> TASK BRIEF
Repeat the records exactly. Leave out the pictures.

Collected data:
****************

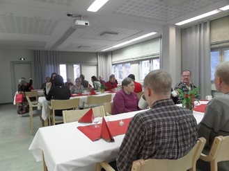 Tässä pieniä tunnelmapaloja kuvien kera pikkujoulusta. Nautimme hyvästä ruuasta ja yhdessäolosta. Kiitos Vertille ja Unnalle soittotuokiosta. Niin kuin ennenkin pikkujoulussa, joulupukki vieraili ja toi pienet paketit. Yhdessä lauletut joululaulut saateli meidät jouluntunnelmaan.
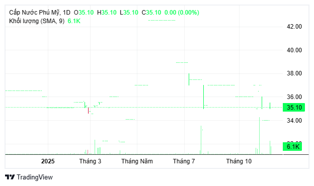 Tại thời điểm gần nhất, cổ phiếu đóng cửa ở mức 35.100 đồng, không thay đổi so với phiên trước với khối lượng giao dịch chỉ khoảng 6.100 cổ phiếu, cho thấy thanh khoản khá thấp - điều phổ biến với các mã nước địa phương. Diễn biến giá đi ngang trong biên độ hẹp cho thấy nhà đầu tư đang nắm giữ dài hạn hơn là đầu cơ ngắn hạn
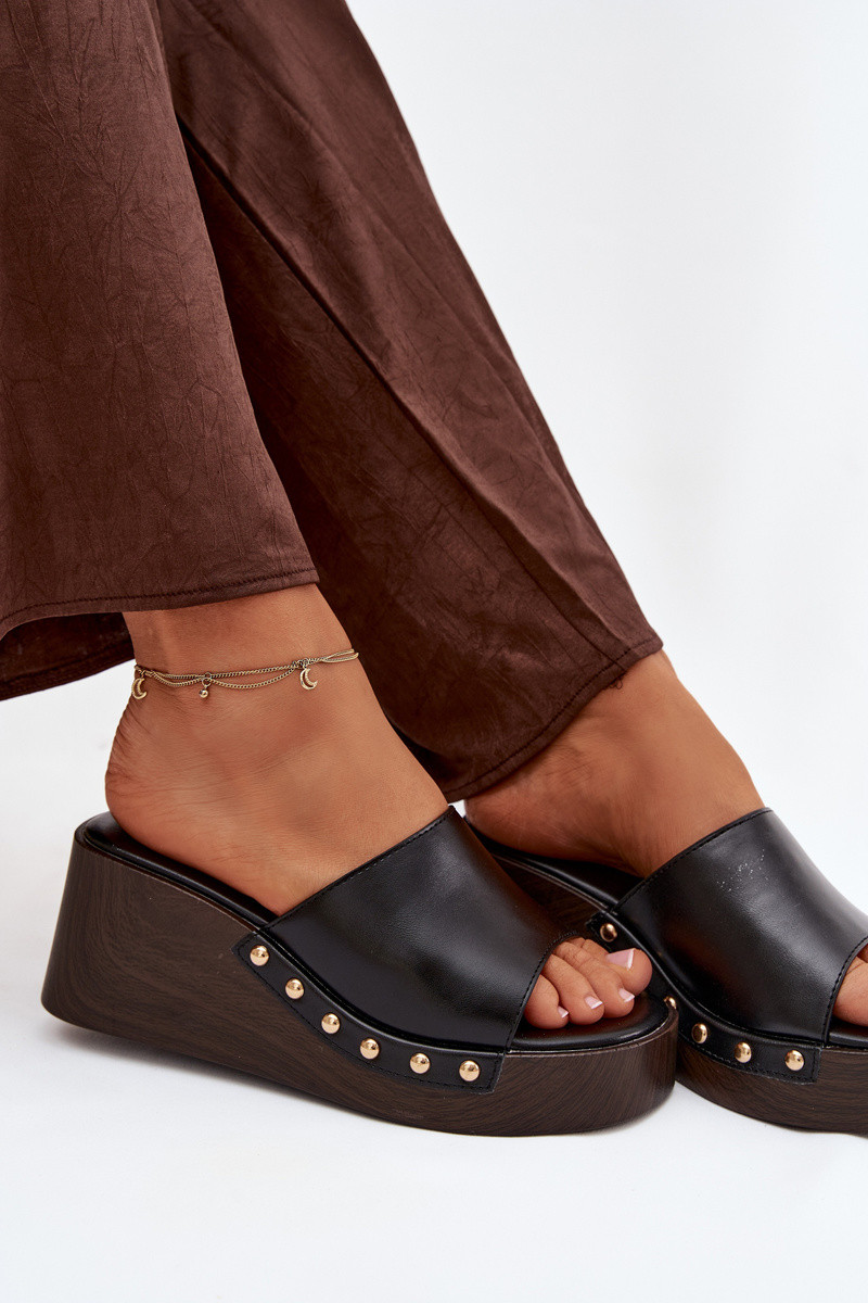 Sieviešu čības uz platformas ar zelta krāsas dzīsliņām melnā krāsā Arionne
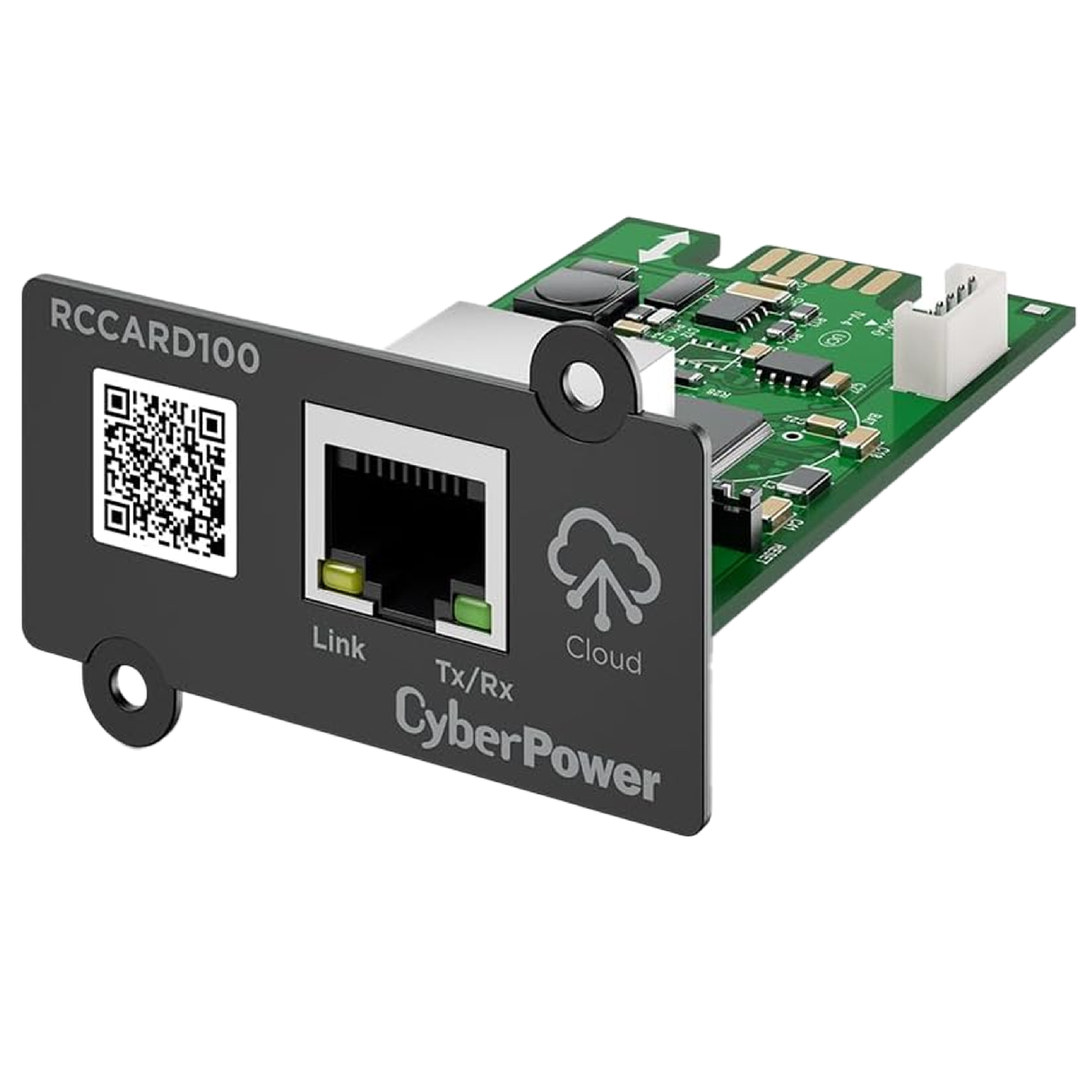 CyberPower RCCARD100 is an optional management add-on to specific CyberPower UPS series. By inserting the card into the expansion slot on the UPS, users can add the UPS to the PowerPanel Cloud system, thus enabling remote monitoring and management of the UPS, through a secure web portal or mobile app.
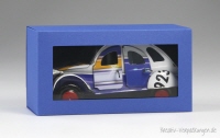 Die Klarsichtverpackung in der Größe 180 x 90 x 90 mm (LxBxH) gewährt freien Einblick auf alle Seiten des Modellautos.
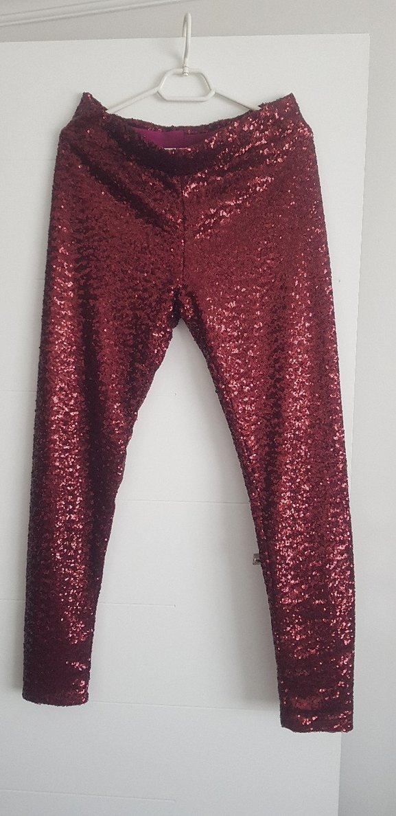 Parlak sentetik kumaştan yapılmış, midi boy, ışıltılı bordo kadın tayt. Cesur sokak stili ve parti kombinleri için uygundur.✨
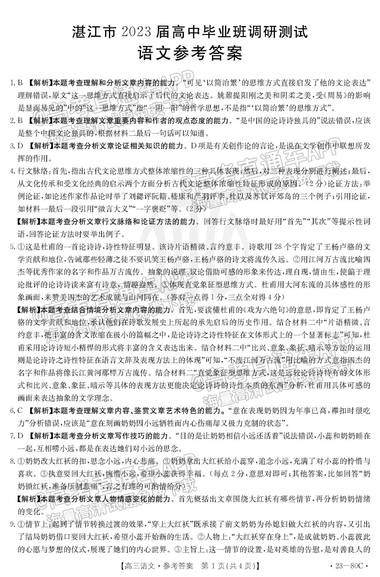 2023广东湛江高三10月调研考试于2022年10月20日开考,各科试题及答案,本文将在考后更新。高考前的模拟考试对于考生来说非常重要,不仅也有利于查漏补缺,调整后续复习计划,而是有利于帮助考生调整心态,合理规划时间等。本文将公布2023湛江高三10月调研语文试题及答案解析,供大家参考。
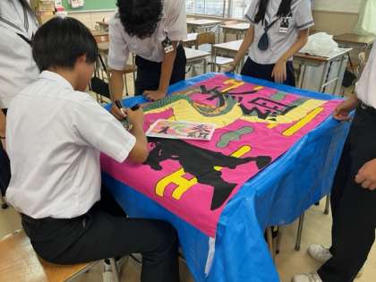 学級旗を制作しています 9/22
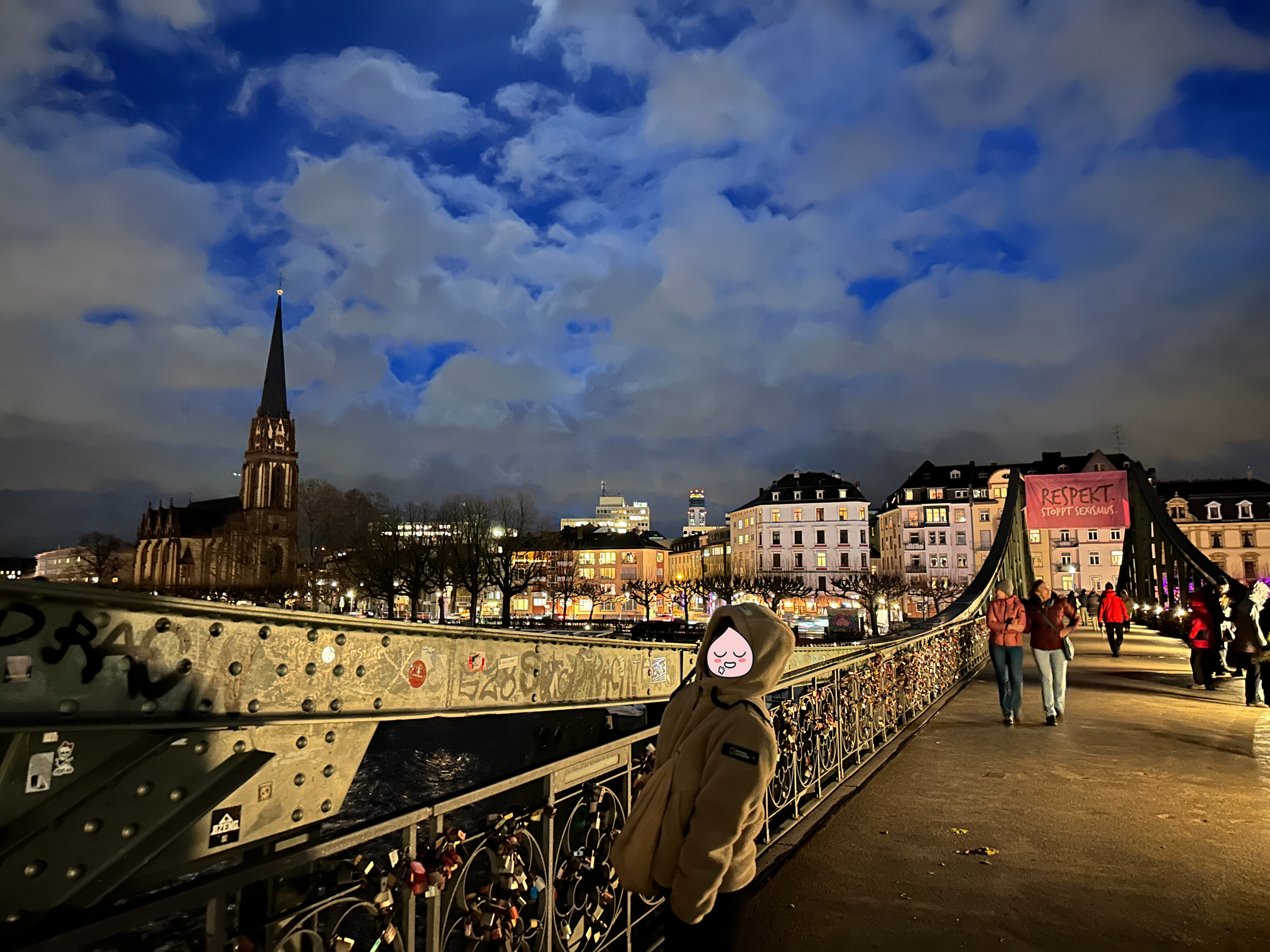 아이젤너 다리 위에서 바라보는 프랑크푸르트 대성당이 특히 더 아름답게 보였고, 다리 난간에 달아놓은 연인들의 사랑의 약속을 담은 사랑의 자물쇠가 길게 이어져 있어 더욱 야경을 아름답게 만들어 주고 있습니다.
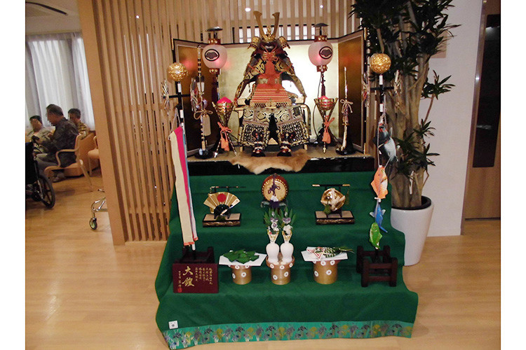 五月の節句:施設のエントランスにかぶとを飾りました。

****************

> RESPONSE AREA
 Tässä pieniä tunnelmapaloja kuvien kera pikkujoulusta. Nautimme hyvästä ruuasta ja yhdessäolosta. Kiitos Vertille ja Unnalle soittotuokiosta. Niin kuin ennenkin pikkujoulussa, joulupukki vieraili ja toi pienet paketit. Yhdessä lauletut joululaulut saateli meidät jouluntunnelmaan.
 Tại thời điểm gần nhất, cổ phiếu đóng cửa ở mức 35.100 đồng, không thay đổi so với phiên trước với khối lượng giao dịch chỉ khoảng 6.100 cổ phiếu, cho thấy thanh khoản khá thấp - điều phổ biến với các mã nước địa phương. Diễn biến giá đi ngang trong biên độ hẹp cho thấy nhà đầu tư đang nắm giữ dài hạn hơn là đầu cơ ngắn hạn
 Sieviešu čības uz platformas ar zelta krāsas dzīsliņām melnā krāsā Arionne
 CyberPower RCCARD100 is an optional management add-on to specific CyberPower UPS series. By inserting the card into the expansion slot on the UPS, users can add the UPS to the PowerPanel Cloud system, thus enabling remote monitoring and management of the UPS, through a secure web portal or mobile app.
 Die Klarsichtverpackung in der Größe 180 x 90 x 90 mm (LxBxH) gewährt freien Einblick auf alle Seiten des Modellautos.
 Parlak sentetik kumaştan yapılmış, midi boy, ışıltılı bordo kadın tayt. Cesur sokak stili ve parti kombinleri için uygundur.✨
 2023广东湛江高三10月调研考试于2022年10月20日开考,各科试题及答案,本文将在考后更新。高考前的模拟考试对于考生来说非常重要,不仅也有利于查漏补缺,调整后续复习计划,而是有利于帮助考生调整心态,合理规划时间等。本文将公布2023湛江高三10月调研语文试题及答案解析,供大家参考。
 学級旗を制作しています 9/22
 아이젤너 다리 위에서 바라보는 프랑크푸르트 대성당이 특히 더 아름답게 보였고, 다리 난간에 달아놓은 연인들의 사랑의 약속을 담은 사랑의 자물쇠가 길게 이어져 있어 더욱 야경을 아름답게 만들어 주고 있습니다.
 五月の節句:施設のエントランスにかぶとを飾りました。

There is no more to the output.